Обри щипнул скользкий старый шелк, потер его меж пальцев. Заботливо развернул его, расстилая перед собой. Он помнил, что нужно держать собственное сознание чистым, а голову такой же ясной и пустой, как высокое голубое небо. Почти двадцать две минуты ушло на то, чтобы все разложить, громаднейший простор шелковой оболочки, способной укрыть под собой небольшой одноэтажный домик. В нескольких местах, на складках, шов протерся до ниток. В других ткань была тонка, как грёза наяву, едва виднелась. Наконец он сел, уложив на колени связку шнуров, шнуров, что были намеренно отсоединены от оболочки. Разостланное перед ним, все это до забавного сильно напоминало парашют.
Они бросили бы меня.
Обри слишком устал, чтобы вновь забираться на Джуникорн, но это было неважно. Когда он огляделся, его лошадь уже пропала.
Он дотащился и лег между денди-воздухоплавателем и мертвой женщиной. Мог бы вытянуть из дымки под собой уютное облачное одеяло, но туманы и иней надоели ему смертельно. Вместо этого он натянул на себя шелк оболочки, подоткнув ее под себя со всех сторон и прижав к груди связку шнуров. Пистолет уперся ему в ногу, но не столь болезненно, чтобы стоило расстегивать комбинезон и освобождаться от него.

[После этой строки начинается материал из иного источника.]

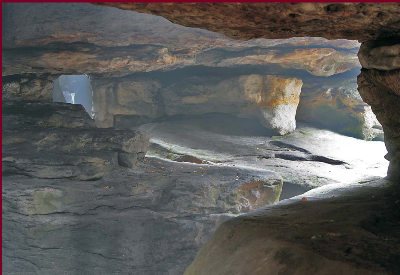
Ryc. 4. Błędne Skały. Fot. M. Lejbrandt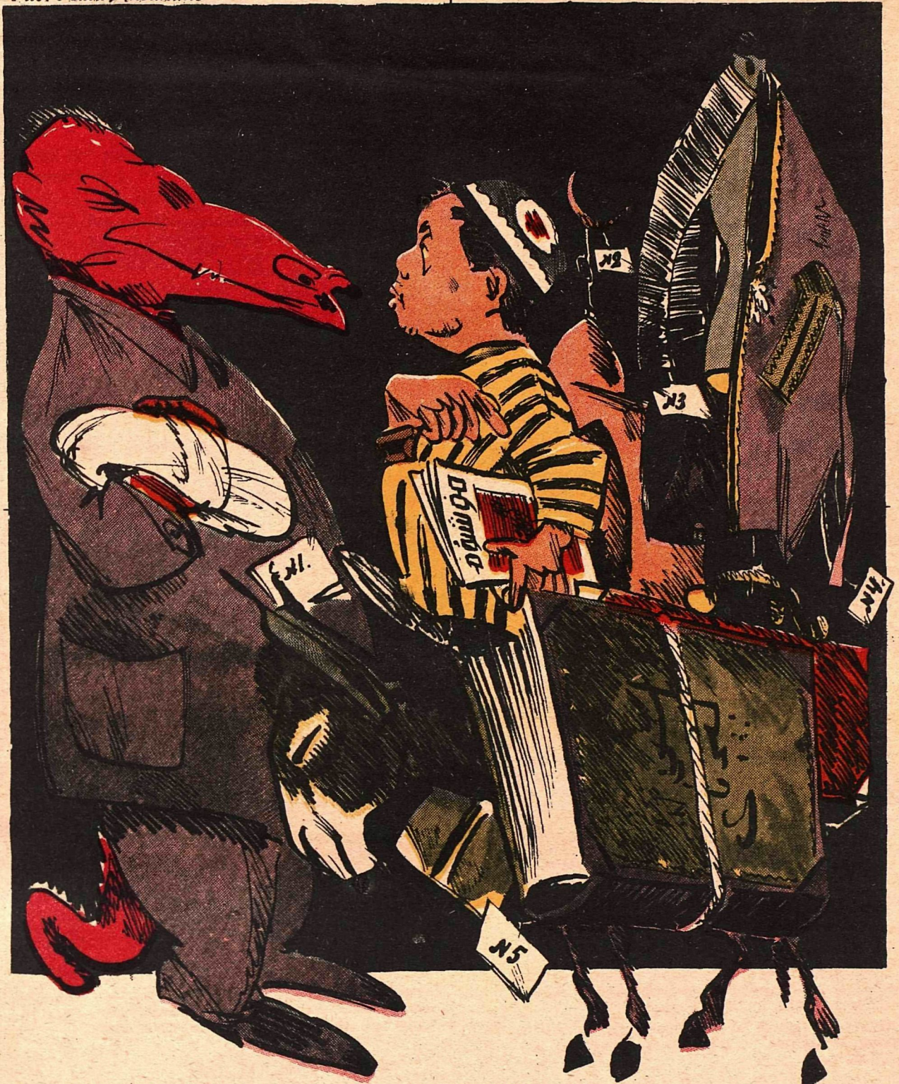
Узбекский сатирический журнал „МУНТУМ“ в день пятилетия своего существования прислал старшему брату своему по сатире „КРОКОДИЛУ“ привет и этот рисунок с трофеями пятилетней борьбы: 1) чалмой, 2) мечетью, 3) паранджей (женским покрывалом), 4) чадрой и 5) кораном.

Понедельник. С 9 — 12 доклад в Наркомате. С 12—1 работа по должности. С 1—4 заседание комиссии по... (наименование комиссии, существующей или вымышленной). С 4—7 работа на дому (просьба не отрывать и не беспокоить!). С 7—12 заседание в... (название учреждения или организации).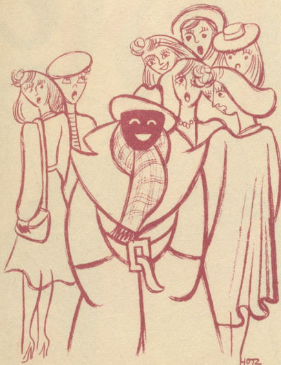
Nach den Winterferien Jeder achte Schweizer ein Luis Trenker.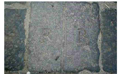
Il confine tra i comuni di Ercolano e Portici.

Il primo punto della contesa territoriale fu quindi legato al "furto" che i resinari, eredi della romanità ercolanese, vedevano ogni giorno consumarsi sotto i propri occhi. Ma un altro boccone amaro dovevano ingoiare i resinari i quali, se da un lato mal tolleravano quei soprusi compiuti sulle proprie memorie storiche, dall'altro dovettero soccombere ad un decreto della Regia Camera della Sommaria del 25 giugno del 1740, che di fatto privava il municipio di Resina del territorio delle Mortelle che dal Palazzo Reale andava fino al Forte del Granatello.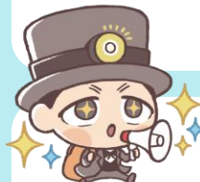
東京都北区スペシャルプランニング サポーター しずむくん

«Как долго пролежала пуля?» – гадал он.
Глава 19
– Умирать, похоже, то же, что и выполнять тяжелую работу, – сказала Хэрриет на поминках после панихиды. Выглядела она шикарно в белой блузке и приталенном сером жакете. – Когда здоров, думаешь, как бы оно ни было, а нужно продолжать бороться. Выжать всю свою жизнь до последней капли. А тут, блин, рак. Это дерьмо перечеркивает все. Должно быть, такое облегчение, когда это все заканчивается. Как сон.
Они были у Моррисов, пили пиво на заднем крылечке с братьями Джун.
Тот, что побольше, Брэд, прислонился к одной сетке, сияние дня прилегло ему на плечи. Ронни плюхнулся на глубокое садовое кресло, подняв тучу пыли и пыльцы, засверкавшей в луче золотистого света. Хэрриет присела на ручку его кресла.
– В этом нет никакого смысла, – сказал Обри, расположившийся в другом кресле. – Кому-то выпадает прожить полной жизнью, а кому-то нет.
Ронни был уже пьян. Сидя в трех шагах, Обри чуял, как от него несло пивом, им даже пот Ронни провонял.
– Она, не вставая с больничной койки, за день делала больше, чем люди, живущие втрое дольше. – Ронни со значением постучал себя пальцем в висок. – Вот тут делала всякое, где время более гибко. Все, что вы думаете, это все, что вы когда-либо знали о мире. Значит, если ты способен вообразить что-то, это все равно, что ты это прожил. Однажды она мне сказала, что у нее любовная связь со Стингом[85] с тех пор, как ей было пятнадцать лет. Вот тут. – Он еще раз крепко стукнул себя в висок. – Она помнила гостиничные номера. Помнила, как сидела с ним за столиком открытого кафе в Ницце, когда начался дождь. Такой у нее был дар. К двум вещам она была предрасположена: воображению и раку.
По мнению Обри, ассоциация вызывала раздражение. Такого рода мудрость только из пьяной глотки и услышишь. Воображение – это рак сердца. Все те жизни, какие носишь с собой в голове и каких тебе никогда не прожить… они заполняют тебя, пока уж и дышать не в силах. Когда он думал о Хэрриет, идущей по жизни без него, у него возникало ощущение удушья.
– Так как быть с ее списком? – спросила Хэрриет. – Как быть со всем тем, что ей хочется, чтоб я сделала вместо нее? Спрыгнуть с самолета, заняться серфингом на побережье Африки? – Хэрриет опять принималась плакать. Вряд ли даже сама осознавая это. Плакала она легко и красиво. – Как быть с этим перечнем сожалений, что она мне оставила?
Ронни с Брэдом покачали головами. Хэрриет смотрела на них широко раскрытыми глазами в ожидании и надежде, словно бы они вот-вот оповестят о каком-то сногсшибательном наследии, оставленном Джун своей любимой лучшей подруге.